El día 26 se dedicó a la traducción audiovisual en el marco de los videojuegos. Gracias a Sonia Dávila, traductora autónoma que ha trabajado para varias compañías de videojuegos. Nos estuvo contando cómo es el proceso de traducción de los videojuegos (el traductor puede formar parte o no de la plantilla de la empresa, puede o no ser tester de los juegos…). También nos enseñó errores típicos y, principalmente, enfocó su charla a resolver las dudas del numeroso público asistente. También nos visitó Jorge Díaz Cintas, traductor audiovisual. Gran parte de su exposición la centró en resolver las dudas, pero también se enfocó en el especial cuidado que hay que tener en ese olvidado mundo de la audiodescripción y la subtitulación para sordos. Nos explicó algunas cosas interesantes, como que algunos audiodescriptores trabajan con personas ciegas, o que el público de este tipo de subtitulación generalmente exige que se le describa todo y que mandemos al carajo las normas de subtitulación.

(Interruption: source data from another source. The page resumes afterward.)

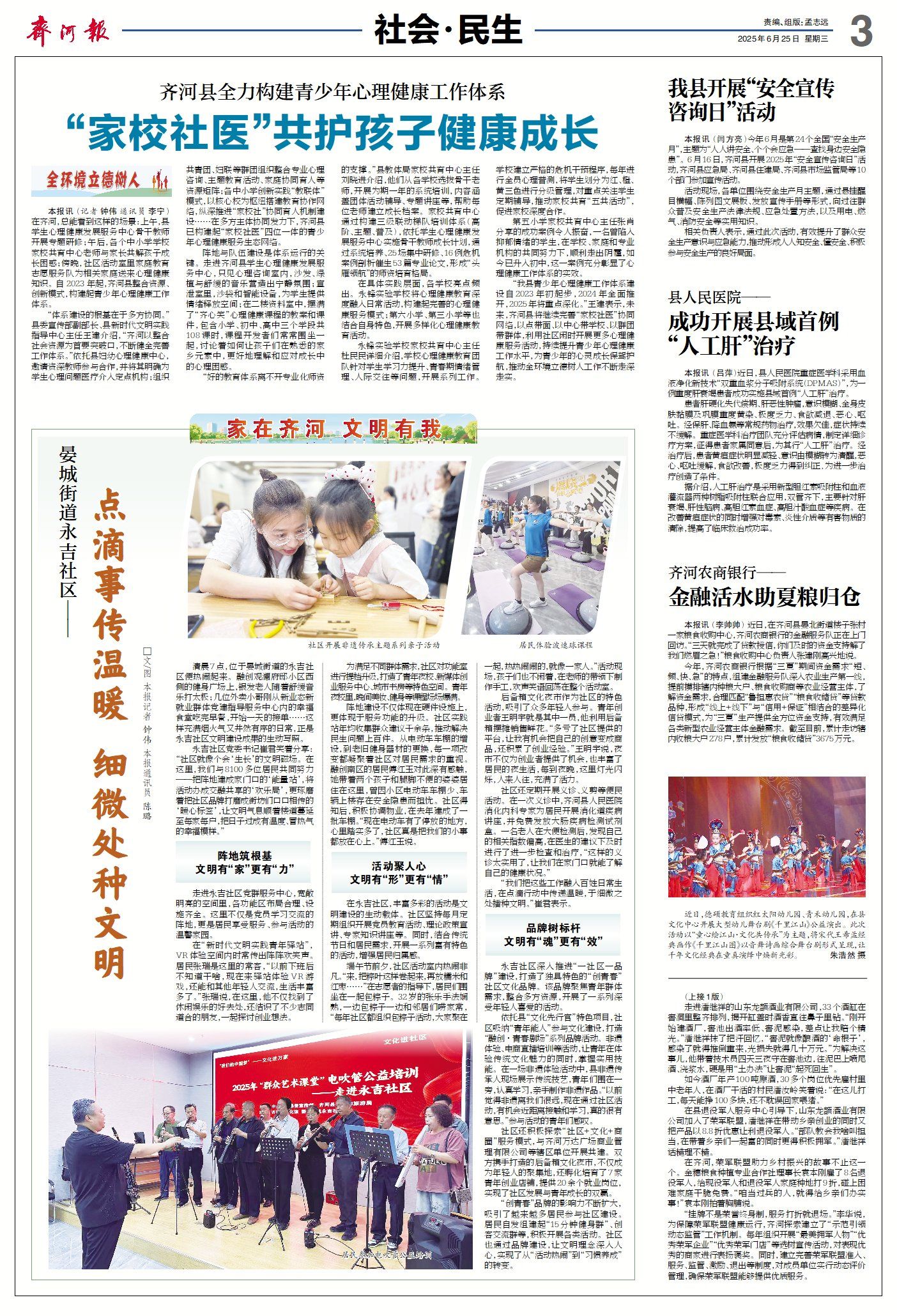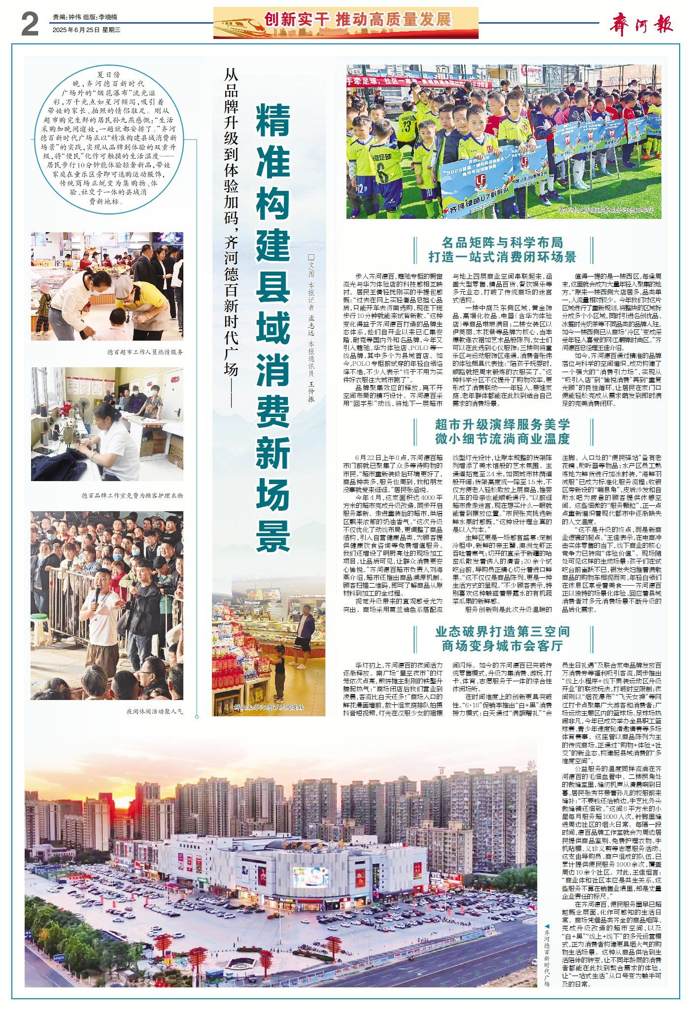 齐河县新闻周报(6月19日至6月25日) ©原创 2025-06-25 14:03 德州日报 0 ▶齐河:“荣军联盟”激活双拥共建“生态圈”。(查看详情) ▶齐河:科学种田有“质”更有“智”。(查看详情) ▶买菜遛娃逛潮牌,齐河德百一站式拿捏生活烟火气。(查看详情) ▶齐河县:全力构建青少年心理健康工作体系。(查看详情) ▶齐河县晏城街道永吉社区:点滴事传温暖 细微处种文明。(查看详情) ▶文化 | 巨一会:战火中的“馍馍传奇”(外四篇)。 德州日报新媒体出品编辑|李晓楠审核|钟伟 终审|尹滨 (作者:德州日报)
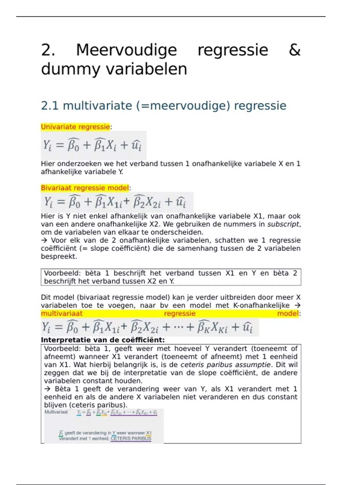 Voorbeeld: bèta 1 beschrijft het verband tussen X1 en Y en bèta 2
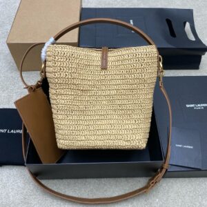 Saint Laurent Le 37 Bucket Bag in Natural Woven Raffia
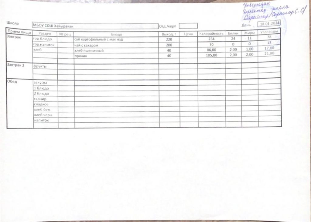 Утвержденное меню на 18 января 2024 года
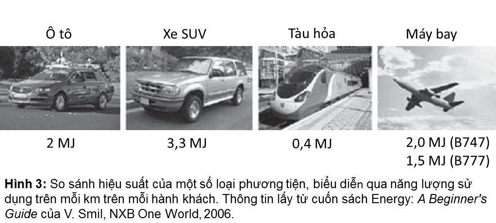 Tiêu thụ năng lượng cho mỗi hành khách trong một chiếc xe cỡ trung bình là khoảng 2 MJ/km; một chiếc SUV dẫn động 4 bánh tiêu thụ ít nhất 60% nhiều hơn (Hình 3). Có thể bạn sẽ ngạc nhiên khi biết rằng một chiếc máy bay hiện đại và hiệu quả cao, chẳng hạn như máy bay Boeing 777, tiêu thụ ít năng lượng hơn trên mỗi hành khách và mỗi cây số cơ sở so với một chiếc xe hơi. Tuy nhiên, trong một ngày, một chiếc máy bay có thể di chuyển khoảng cách tương đương với một chiếc xe hơi du lịch trong cả năm. Tác động khí hậu và môi trường của vận tải hàng không đang ngày càng bị tấn công, do liên kết với khoảng cách xa và thực tế là các chất ô nhiễm được phát hành ở độ cao lớn, đặc biệt là trong các khu vực dễ bị tổn thương của tầng đối lưu.
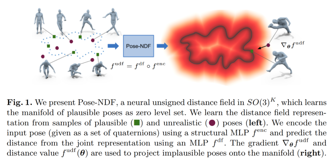 Pose-NDF 学习一系列各种可能的姿态作为神经隐式函数的零水平集(zero level set),将 3D 建模隐式曲面的思想扩展到高维域 SO(3)^K,其中人体姿态由单个数据点定义,由 K 个四元数表示。由此得到的高维隐函数可以对输入姿态进行微分,因此可以通过在 3 维超球体集合上使用梯度下降将任意姿态投射到流形(manifold)上。

Por la tarde, se habló del proceso de subtitulación del documental La voz escondida, y de cómo se organizaron los compañeros del grupo de traducción audiovisual para repartirse este gran proyecto de subtitulación de alemán, francés e inglés al español. Además, se proyectó un gran corto (trabajo para una asignatura de clase) de unos compañeros, Memorias de un calendario, en el que hicieron un trabajo de subtitulación excelente (de francés a alemán, por ejemplo, entre otras combinaciones extrañas y terroríficas).

Y se proyectaron los vídeos para un concurso audiovisual, al que mi compañera Marta Moreno y yo presentamos uno. Finalmente quedamos los segundos, pero no nos importó porque los profesores y jueces alabaron nuestra creatividad y enfoque. Quizá, y si Marta me deja, os lo pueda colgar por aquí.

El día 27 hubo fiesta y comilona, acompañada de juegos y cantes que se dieron todos, sin distinciones de ninguna clase. Una fiesta inolvidable, según dicen. Yo tuve que perdérmela porque me llamaron de la Universidad Autónoma de Barcelona.

Como veis hay un montón de cosas que contaros. Os iré poniendo al día.